When you bill a client you add VAT at the rate that applies to the type of supply you’ve made. However you could be charging too much VAT. When you are merely passing on costs that are those of your customer you shouldn’t charge VAT. This is referred to as a disbursement. This often causes problems for businesses (and accountants!) in deciding what does and doesn’t count as a disbursement.
Why does it matter?
If a customer isn’t registered or is partly exempt, they are blocked from recovering all or some of the VAT charged. Meaning they wouldn’t be happy if you charged VAT when you shouldn’t.
It can also cause problems even if a customer is VAT registered as it can block them from reclaiming it. For example if your business was buying something VAT exempt for £1,000 but was charged VAT at 20%. You pay £1,200 which wouldn’t be a problem as you could reclaim this on your next return. However if HMRC were to pick up on this error they would make you repay the £200.
What counts as a disbursement?
A disbursement is something that you pay but was actually a supply to your customer.
An example of this would be if you was traveling with a customer. At the train station you pay for both fares to make things easier, with the understating you’ll pass the costs on in your bill.
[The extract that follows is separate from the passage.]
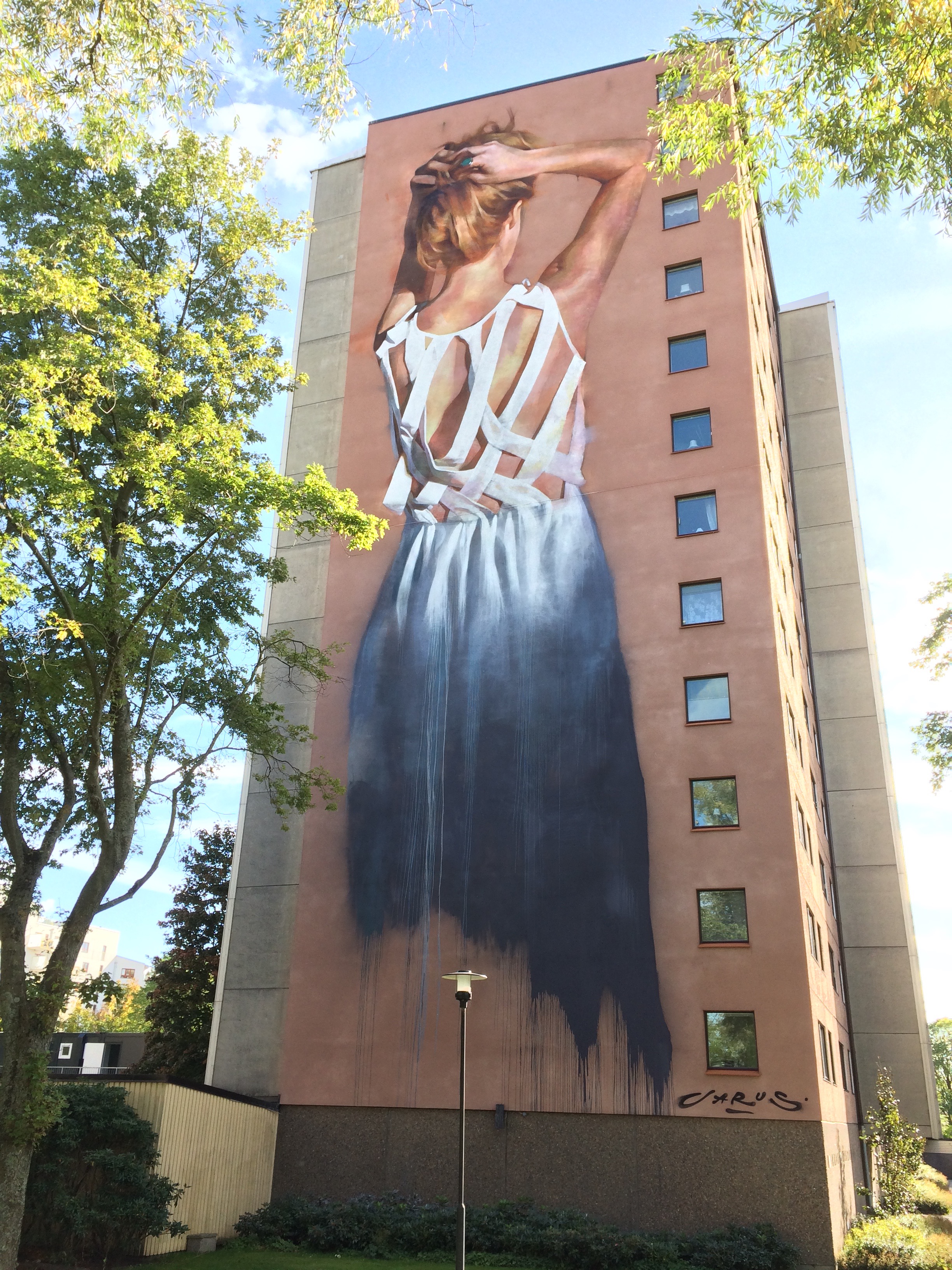 På Artscapes hemsida står det att Jarus ”Inför varje verk fokuserar … på att välja färg och bildkomposition som passar den specifika väggen och dess omgivningar”. Det känns i bilden. Rent färgmässigt är det en fullträff, den blågrå färgen är en stark kontrast till den terrakottafärgade fasaden. Blått poppar ut och lyfter nästan från underlaget, något som konstnären utnyttjat väl. Huden på kvinnans armar och rygg går i samma färgskala som fasaden. Vi ser hur konstverket hänger samman med fasaden och bildar en helhet. Inget är lämnat åt slumpen, inget känns malplacerat.

His fare would be a disbursement but yours wouldn’t.
It’s often mistaken that travel and subsistence costs taken to visit a customer are a disbursement but in this case the client isn’t the consumer so the expense is not a disbursement.
Another case were a disbursement can be applied is a builder buying the materials for a job on behalf of the customer.
However there are conditions that must be met:
The customer must know that you were paying for something from another supplier and not you
They must have agreed to meet the cost
You must itemise the disbursements on your invoice
You pass on the cost and no more
The disbursements are additional to the supply you’re making to them.